Practically all drugs either affect, produce or eliminate proteins -- or are, in fact, proteins. But what exactly happens when a high or low dose is taken? And what is going on at various points in time while the drug is working? Does the drug cause the cell to produce new proteins or block the production of others? Answers to these questions have been lacking. But now, using a method known as decryptE, the team has succeeded in revealing these interactions.

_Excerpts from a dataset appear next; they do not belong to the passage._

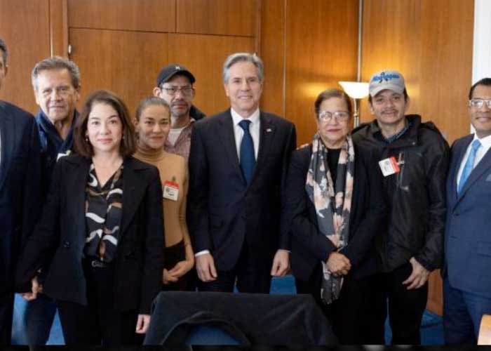 Foto tuiteada por el Secretario de Estado Antony Blinken el 24 de febrero de 2023. De izquierda a derecha: Juan Sebastián Chamorro, Arturo Cruz, Victoria Cárdenas, Tamara Dávila, Pedro Mena, Secretario de Estado de los Estados Unidos Antony Blinken, Violeta Granera, Medardo Mairena, Felix Maradiaga . Cuatro de estas personas están comprendidas en el presente artículo.
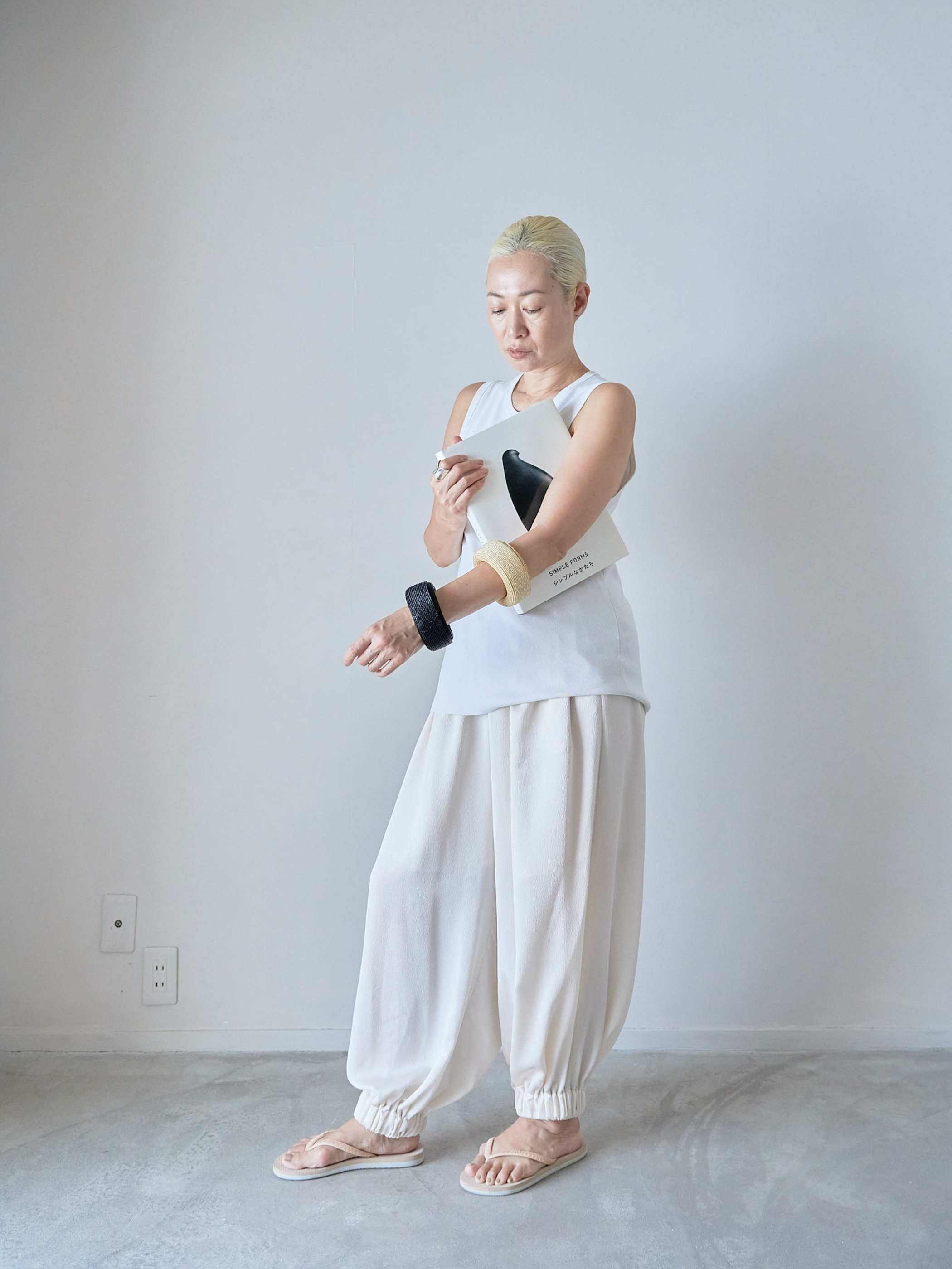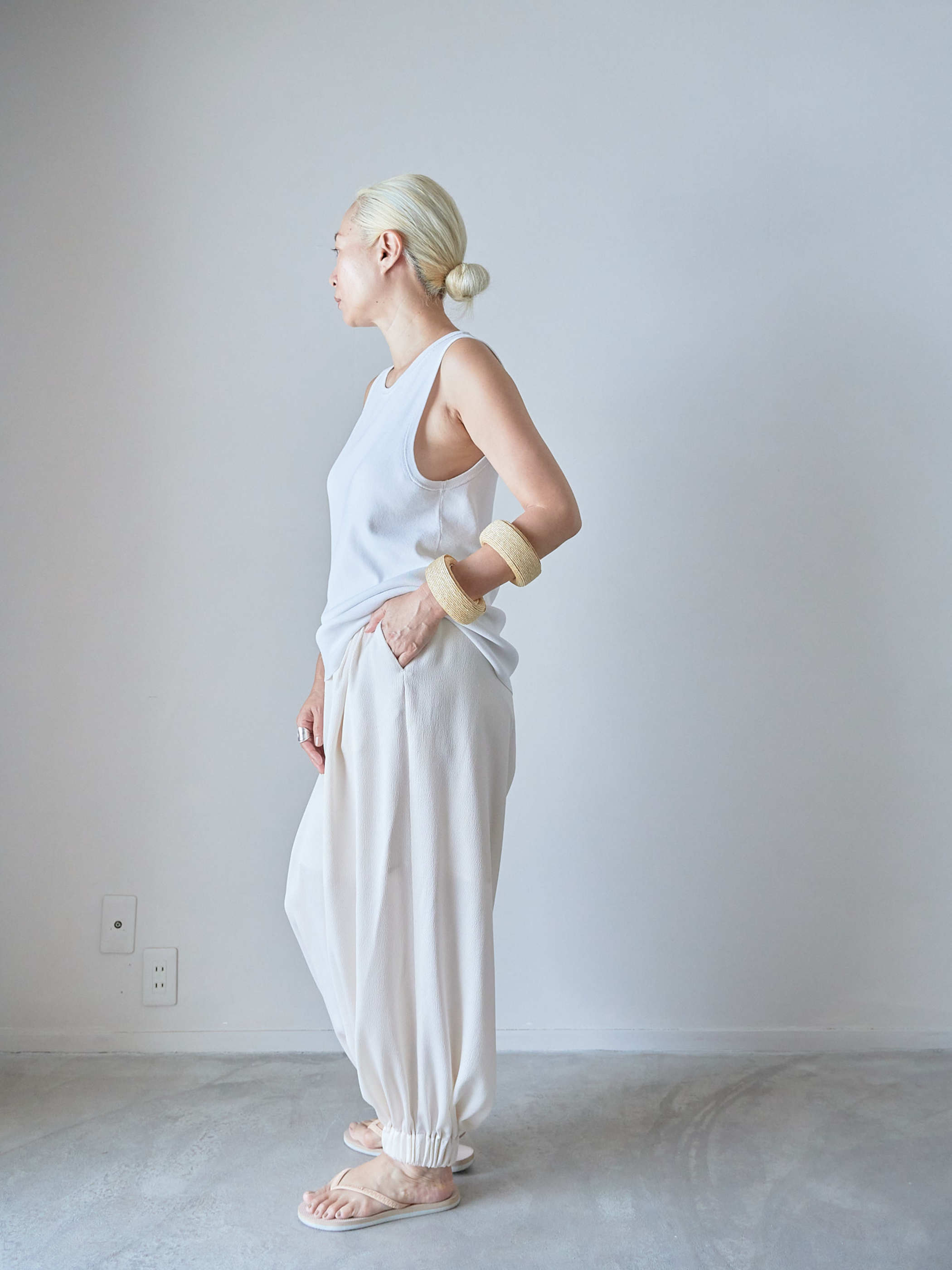 極細麦を使用した四角いシルエットのバングル。
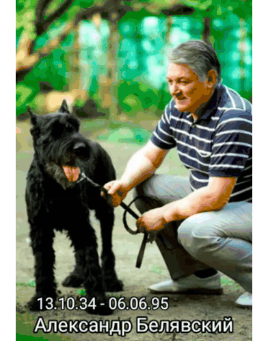 a man is kneeling down next to a large black dog with the date 13.10.31 on the bottom
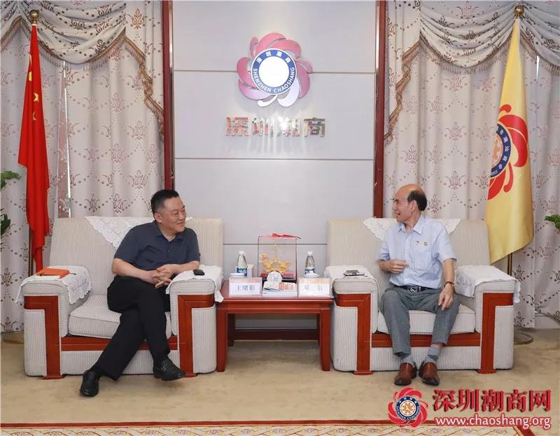 邓东书记对王曙彩副书记一行的到来表示热烈欢迎和衷心感谢,并以“一+二+三+四+五”介绍了商会党建工作经验与做法:一、商会把党建工作写入章程;二、党务工作五个平台、党支部建设“七个一”服务;三、三个离不开:离不开深圳市委、市非公党委的领导及各有关部门的大力支持,离不开潮汕商会领导的大力支持,离不开党委班子几位退休老党员的大力支持;四、党委依托商会的资源和优势,针对新时期非公党建工作的特点,践行夯实“基础党建”、推进“青春党建”、打造“活力党建”、倡导“先锋党建”等“四个延伸”的思路和做法;五、培育和践行社会主义核心价值观和党委提出的以“五爱”(爱国、爱党、爱会、爱企、爱家)为主旨的教育。商会通过这些经验与做法,初步打开了“以商兴会,以党凝会,以会促商”的创新局面。

Large numbers of results in a short time
To do this, the researchers treated cells with various doses of 144 active substances over an 18-hour period. Most of the drugs are already being used in cancer treatment or are in the clinical approval stage. After being extracted, the proteins were analyzed with mass spectrometry. The team then used the data to study the cell reactions. This yielded more than one million dose-response curves showing the mechanisms behind the effects of the active substances over the course of treatment.
The results have now been published in the journal Nature Biotechnology by Bernhard Küster, professor of proteomics and bioanalytics at the TUM School of Life Sciences, Nicola Berner, Stephan Eckert and a team of researchers coordinated at the TUM Chair of Proteomics and Bioanalytics. The data is available to the global research community in the ProteomicsDB database and the associated app.
Recognizing the potential of existing drugs
Cancer is a prime example of why a detailed understanding of these processes is so important: Depending on the type of cancer, very different things are happening at the molecular level. This is decisive for selecting suitable treatments and may offer clues for the development of new drugs. With the data the team was able to show, for example, that the immune system can be weakened by a class of drugs known as HDAC inhibitors. This can in turn affect the treatment of tumors that leverage the immune system.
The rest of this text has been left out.